The “market” turns out to be a room next door, full of ingredients – a pantry, in other words, the domestic feel of which lulls the amateur cooks into playing safe. Several fall back on homely staples using the Italian carbohydrate that Torode calls “purse tar”. But there are some innovations for him and Gregg Wallace to chew on: one chef christens his chicken poached in too much wine “Rioja coq”, while the second challenge sees three guest judges faced with the ground-breaking textural mangle that is custard ravioli.
Those guest tasters are last year’s finalists and, if champion Jane Devonshire won our hearts through humility and pluck, now she’s required to be a hard but fair critic. She’s brilliant at that, too. Jack Seale
Now and then a documentary jemmies open a door into a hidden world you had no idea existed. So it is with this superb film that takes us on a visceral journey into the shady sub-culture of bare-knuckle boxing bouts.
Our guide is promoter Shaun Smith, a former drug dealers’ enforcer from Liverpool who resembles Paul Hollywood’s beefy brother. “I don’t want [the sport] in the shadows, I want it in the limelight,” he tells us, and it’s a measure of the film’s subtle touch that we find ourselves rooting for Shaun as his bouts start to take off.
But boy, are they brutal. Teeth are smashed and blood spilt as massive men hurl fists at each other until one gives up. Film-maker Ed Perkins does a fine job of profiling the fighters, with dozens of well-observed scenes that show their motivation, guilt and pain.

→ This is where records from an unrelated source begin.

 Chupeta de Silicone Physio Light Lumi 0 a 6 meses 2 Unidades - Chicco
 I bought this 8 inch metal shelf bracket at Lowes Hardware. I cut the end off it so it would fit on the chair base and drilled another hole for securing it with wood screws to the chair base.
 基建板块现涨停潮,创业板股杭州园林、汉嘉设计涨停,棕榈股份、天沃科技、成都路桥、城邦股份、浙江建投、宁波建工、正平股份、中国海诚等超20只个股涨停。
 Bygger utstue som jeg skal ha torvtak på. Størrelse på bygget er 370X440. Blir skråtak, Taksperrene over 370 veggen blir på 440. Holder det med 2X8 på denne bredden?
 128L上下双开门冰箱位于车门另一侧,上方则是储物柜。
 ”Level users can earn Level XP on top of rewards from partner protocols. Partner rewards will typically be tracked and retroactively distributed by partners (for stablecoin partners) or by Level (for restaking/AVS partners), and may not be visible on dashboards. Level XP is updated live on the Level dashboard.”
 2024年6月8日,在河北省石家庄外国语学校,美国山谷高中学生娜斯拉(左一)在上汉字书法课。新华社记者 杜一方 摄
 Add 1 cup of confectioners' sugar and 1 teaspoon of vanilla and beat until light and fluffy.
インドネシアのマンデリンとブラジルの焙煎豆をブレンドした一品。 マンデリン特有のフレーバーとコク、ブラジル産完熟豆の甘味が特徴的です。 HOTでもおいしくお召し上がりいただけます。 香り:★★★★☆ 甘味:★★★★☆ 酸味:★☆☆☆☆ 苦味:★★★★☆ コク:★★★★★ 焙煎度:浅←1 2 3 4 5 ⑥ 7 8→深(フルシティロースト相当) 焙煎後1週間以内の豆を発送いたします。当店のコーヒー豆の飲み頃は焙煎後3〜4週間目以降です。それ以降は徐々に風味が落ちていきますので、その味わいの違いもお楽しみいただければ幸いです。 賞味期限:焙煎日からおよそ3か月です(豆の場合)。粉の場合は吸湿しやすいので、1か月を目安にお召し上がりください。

The saddest sees champion man-mountain James “Gypsy Boy” McCrory berate his mother for not looking after his trophies: “Only thing I’ve ever been good at,” he sighs. David Butcher
Every episode of this new thriller is a multilingual event. It’s a rolling feast of French, English, Swedish and tribal Sami, but without ever feeling as awkward as that sounds. And just as the mining town of Kiruna has suffered geological ructions, there are cracks appearing in the central pairing. Now hunting a serial killer, the prickly, sleep-deprived French cop Kahina is losing patience with defensive half-Sami prosecutor Anders. It’s a fascinating relationship in an unending nightmare or, given the title, daymare. And a breakthrough by Anders leads to a tense, thrillingly filmed climax. Mark Braxton
Clique is a new six-part drama set at a university. Holly (Synnove Karlsen) and Georgia (The Fall actress Aisling Franciosi) have just started the so-called best years of their lives at Edinburgh University but are soon drawn into an elite clique of alpha girls led by lecturer Jude McDermid (Louise Brealey as a much scarier character than Molly Hooper in Sherlock…). It’s a glossy, genuinely intriguing drama which hooks you in with its beautiful, strange, secretive characters.
Based on JG Ballard’s 1975 novel, this dystopian satire takes place in a swanky, towering apartment block. There, we find Dr Robert Laing (Tom Hiddleston), a well-spoken bachelor who, at the start of the film, has just moved in. While he is satisfied with life in the high-rise, many of his neighbours are unhappy, protesting that they aren’t receiving the same standard of living as those on the upper floors and their frustration leads to a violent, building-wide conflict. Before long the complex devolves into a chaotic, murderous wasteland; unfortunately it all feels too sudden and from this point onwards the story becomes increasingly messy and disjointed. It’s hard to care about any of the characters as director Ben Wheatley (Kill List, Sightseers) keeps us at a distance, but on the plus side the film looks fantastic and is blessed with a terrific cast that includes Jeremy Irons and Sienna Miller. Still, it’s Hiddleston who shines as the charming, self-contained Laing.